▶ Task instructions: Only some lines are wanted. Transcribe, exactly, the lines below from the line with "最后一个节目是由辉煌四重奏演" up to and including the line with "- 簡要描述:篩網式過濾離心".

▶ Given records:
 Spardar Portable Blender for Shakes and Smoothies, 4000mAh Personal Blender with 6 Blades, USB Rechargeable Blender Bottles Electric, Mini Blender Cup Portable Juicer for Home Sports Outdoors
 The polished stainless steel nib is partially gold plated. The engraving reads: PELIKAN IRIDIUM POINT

* * *

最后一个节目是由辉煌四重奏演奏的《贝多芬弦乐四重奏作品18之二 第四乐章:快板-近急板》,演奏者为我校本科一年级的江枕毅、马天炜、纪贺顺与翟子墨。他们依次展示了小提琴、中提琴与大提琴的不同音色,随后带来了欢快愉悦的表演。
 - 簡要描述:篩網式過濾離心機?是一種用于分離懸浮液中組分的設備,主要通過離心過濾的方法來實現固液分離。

▶ Answer box:
最后一个节目是由辉煌四重奏演奏的《贝多芬弦乐四重奏作品18之二 第四乐章:快板-近急板》,演奏者为我校本科一年级的江枕毅、马天炜、纪贺顺与翟子墨。他们依次展示了小提琴、中提琴与大提琴的不同音色,随后带来了欢快愉悦的表演。
 - 簡要描述:篩網式過濾離心機?是一種用于分離懸浮液中組分的設備,主要通過離心過濾的方法來實現固液分離。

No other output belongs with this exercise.